On Call: Vsit or Not?

Specialties Hospice


  • by NTS
    Specializes in Hospice.

I am an on-call Hospice nurse who works 7 on, 7 off. I get all after hours and weekend calls, triage, after hours admits, visits, deaths, emergencies and anything else that comes up. I do have a backup Nurse who case manages during the day.

I got a message At 4:45 am from the answering service that pt was having difficulty speaking. When I returned the call the pt was speaking clearly, no slurred words or word finding noted. Pt stated just couldn’t get words to come out right. Pt was alert and oriented and answered my questions appropriately. Pt denied pain, dizziness, weakness, shortness of breath or stroke symptoms. Pt stated couldn’t get medicine until the next day.
This pt was known to drink alcohol and use illicit drugs, frequently intoxicated or high during nurse visits. Also insistent on getting pain pills on time.
The call was about difficulty speaking which was clearly not a problem at that time. The pt was advised I would speak to the case manager and see about the medications. The pt agreed and hung up.

later in the morning the pt was found dead.
based on the info at the time I didn’t feel a visit was warranted. Now I’m questioned why a visit wasn’t made when called. I called nursing judgement. I admitted the pt and knew the background. And knew how things were going. My manager says he agrees with me.

what would you have done?


2,221 Posts

Specializes in Travel, Home Health, Med-Surg.
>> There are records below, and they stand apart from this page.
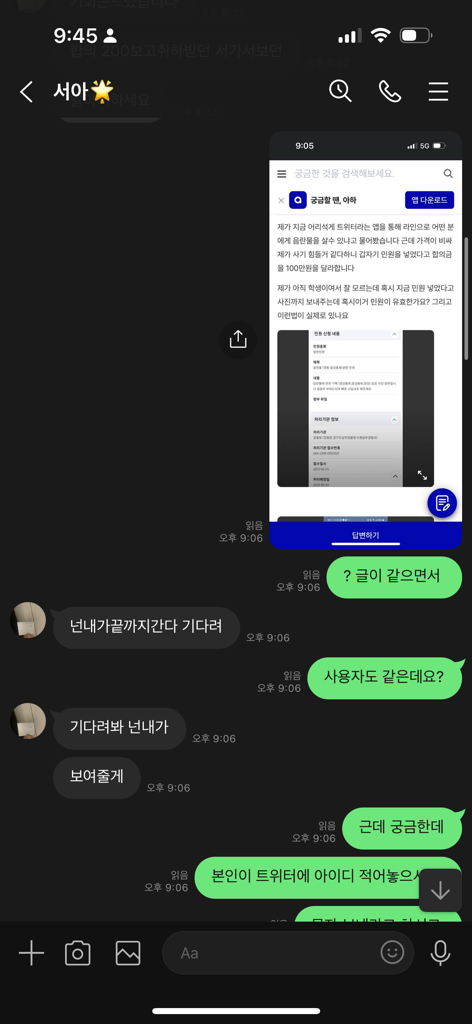 안녕하세요. 고등학생이지만 호기심에 제가 트위터를 들어가 어느 분의 아이디가 보여 그 아이디로 추가를 했습니다. 그분께 인사정도 맞는지 확인 차 답장을 했는데 그분이 차단하시겠다 하시고 , 갑자기 시간이 지나 7시쯤 저를 민원에 신고하였습니다. 제가 이 분에게 여쭈어본거나 물어본건 ㅇㅇ님 맞으신가요? 라고 답장을 했고 그분은 이렇게 글을 올려주셨습니다. 합의금으로 200을 달라 하시더라고요. 이거 사기인가요..?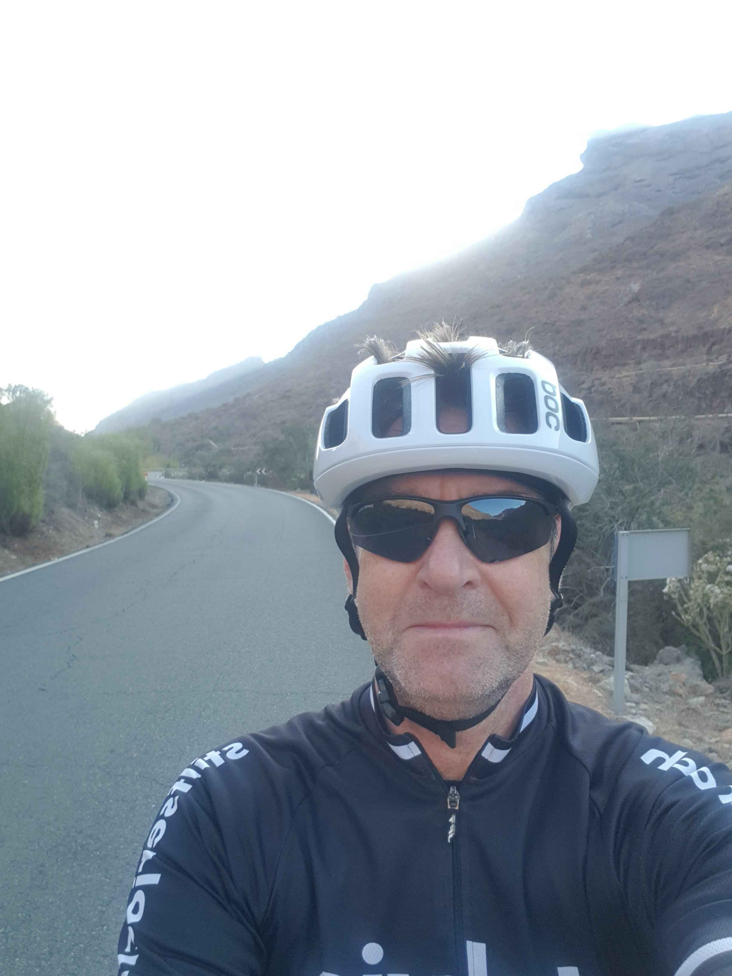Der Anfang war aber doch etwas holperig, den ersten Abzweig verpasste ich gleich und dann war auf der Gegenfahrbahn auch noch ein Triathlon im Gange. Ich hatte auch etwas Schwierigkeiten die Informationen auf dem Garmin zu entziffern. Da zeigten sich dann doch die Nachteile der Gleitsichtlinsen, gepaart mit einer dunklen Sonnenbrille. Doch schließlich fand ich den richtigen Weg. Dabei bekam ich auch direkt den ersten Motivationsschub, da etwas vor mir zwei andere Radler unterwegs waren. Ich konnte zu den beiden aufschließen und fuhr an ihnen vorbei. Nach dem ersten Fotostopp fuhr ein weiterer Radfahrer an mir vor und ich blieb die darauffolgenden 10 Kilometer immer in Schlagdistanz. Da ich durchaus auf meine Kräfte achtete, war ich umso zufriedener nicht direkt abgehängt zu werden. So ging es über knapp 15Kilometer immer an der Küste entlang mit einem permanenten auf und ab. Bei Arguineguin ging es mit einer leichten Steigung ins Landesinnere. Die Sonne stand noch so niedrig, dass ich die ganze Zeit im Schatten fuhr. Die Temperaturen waren etwas zu kühl für kurz-kurz, doch die Armlinge wollte ich nicht anziehen, zumal es ja bergauf ging und Tempo und somit der Fahrtwind keine Rolle spielte. Auch war ich noch ganz froh den Schatten zu haben, da ich vergessen hatte mich einzucremen.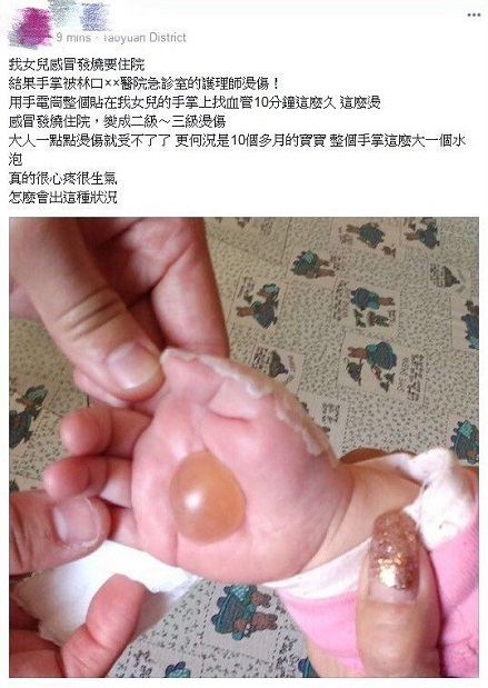 網(wǎng)友指稱,十月大女兒因感冒發(fā)燒前往林口某醫(yī)院住院治療,護(hù)理師為了找尋女?huà)胧稚涎,使用手電筒貼在女?huà)胧稚祥L(zhǎng)達(dá)十分鐘,導(dǎo)致女童二到三級(jí)燒燙傷,手掌上更起了一個(gè)巨大的水泡,網(wǎng)友憤怒發(fā)文“怎么會(huì)出現(xiàn)這種狀況?”

My answer would depend on a few more facts such as: who called the service originally (pt, family, neighbor etc), was anyone else with the pt (either when called was made or when you called back), did the pt have a history of calling the nurse for insignificant reasons, were you planning to give report for the day nurse to do a visit, pt diagnosis/prognoses/recent changes, what medication the pt was taking including the one you mentioned that pt couldn't get until the next day..


2 Posts

Specializes in Hospice.

The pt called and is who I spoke to on return call. Lives alone and independent. Does call regularly to make sure to get narcotic meds refilled. Did give report to IDG on morning call and agreed pt usually calls to inform of problems with meds. Slow decline, no major recent changes. Cm was planning visit as first pt for her that day.

trying to be generic in details and not give too many details.

Katillac, RN

370 Posts

Wow, this part of allnurses has gotten quiet.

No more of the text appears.